Laatst begon ik een column te schrijven over mijn favoriete tien-punten-lijstje voor goede projectplannen. Ik liet het concept zien aan een ervaren programmamanager die ik hoog acht. Hij maakte korte metten met mijn lijstje en zei dat wat ik schreef te gebruikelijk was. Zijn aanpak? Hij beoordeelt projecten naar de geur: ruiken ze genoeg naar bier en ruiken ze genoeg naar angst?
Laat me dit uitleggen. Over één punt op mijn checklist waren we het wel eens. De kunst is om het doel van een project goed te kiezen en scherp te formuleren, zodat de opbrengst van het project voor iedereen duidelijk is. Volgens deze ervaren programmamanager moet het echter op een bierviltje passen. Als het niet op een bierviltje past is het niet uit te leggen. En als het niet uit te leggen is, is het niet te besturen. Zo simpel is dat.

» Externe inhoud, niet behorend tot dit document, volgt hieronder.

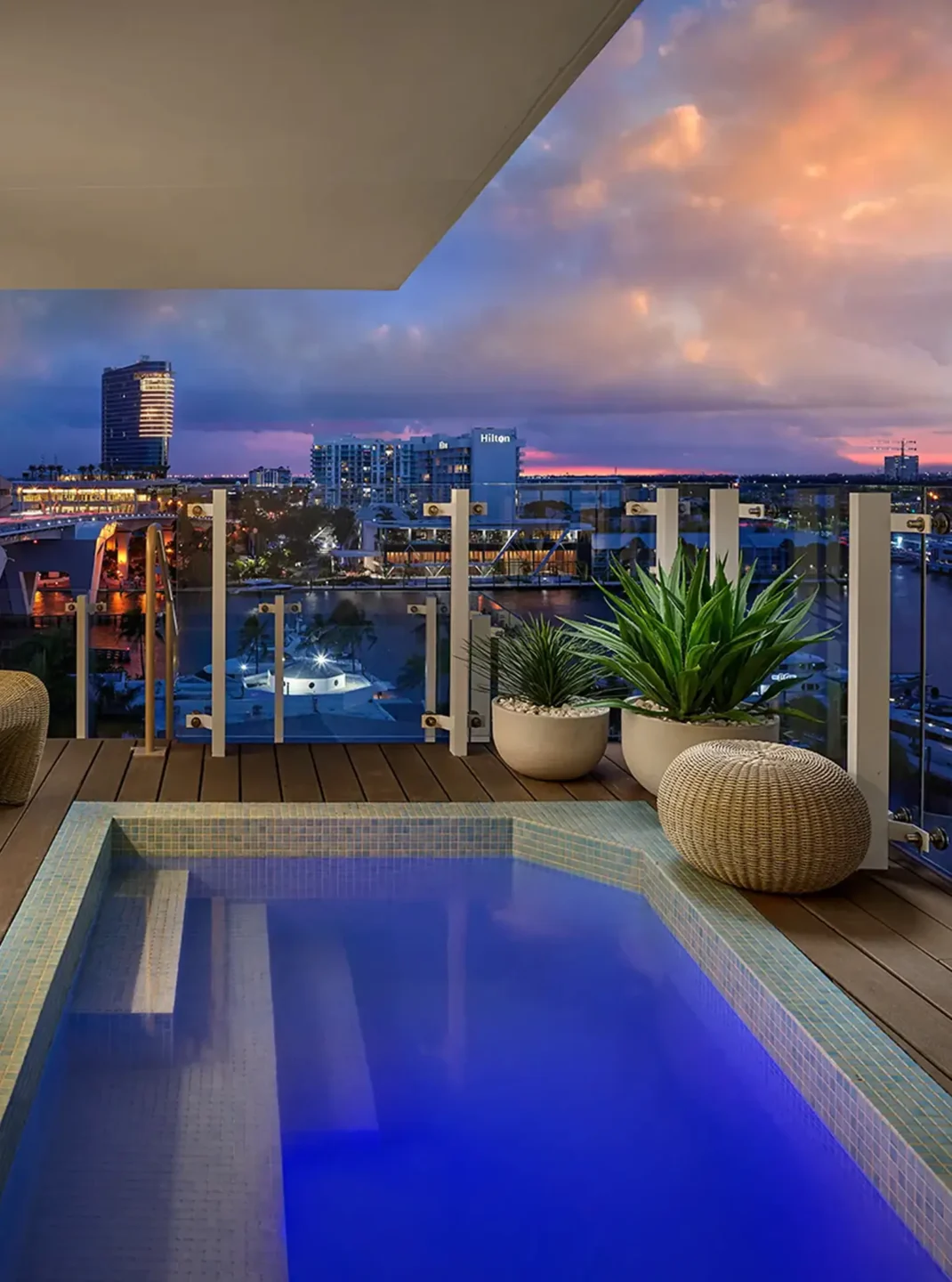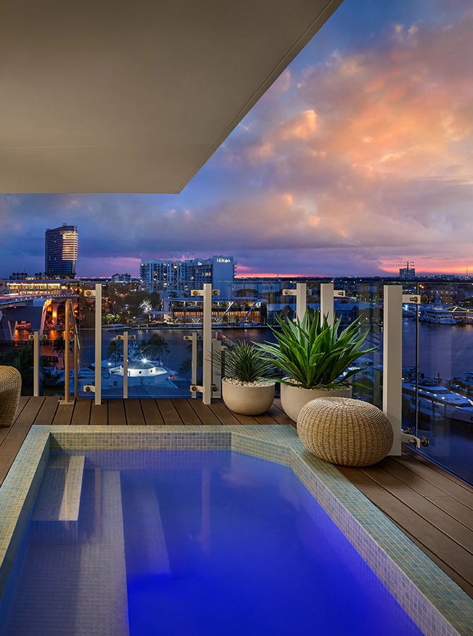 - Dynamic, multi-level, marina-front pool deck with tropical landscaping, cabana seating, art installations, entertainment, and food and beverage offerings

Als het doel eenmaal duidelijk is, gaat iedereen in een keer nadenken over de risico's. Wat kan er allemaal misgaan? Obstakels zijn er altijd. Als er niets mis kon gaan was het project namelijk al lang gedaan. Zo ontstaan dikke projectplannen waarin tot in detail allerlei zaken worden geregeld. Het grootste deel van mijn lijstje ging daar eigenlijk over, maar volgens deze programmamanager wasemt een dik projectplan pure angst uit. Angst dat opdrachtgevers hun verantwoordelijkheid niet nemen, stakeholders niet meewerken, of dat onderaannemers niet begrijpen wat er van hen wordt verwacht. Een dik projectplan is geen garantie voor succes, eerder een indicatie dat de kans op mislukking groot is. Als dat onvermijdelijk is, is het maar beter om daar rekening mee te houden.
Kortom, bij uw volgende projectplan gaat u na of het naar bier ruikt, of naar angst. Misschien ruikt het naar angst, maar nog niet genoeg naar bier. Misschien ruikt het naar bier, maar moet het eigenlijk meer naar angst ruiken. Werk daar dan aan. Als het project eenmaal goed loopt, kun je het altijd nog écht naar bier laten ruiken.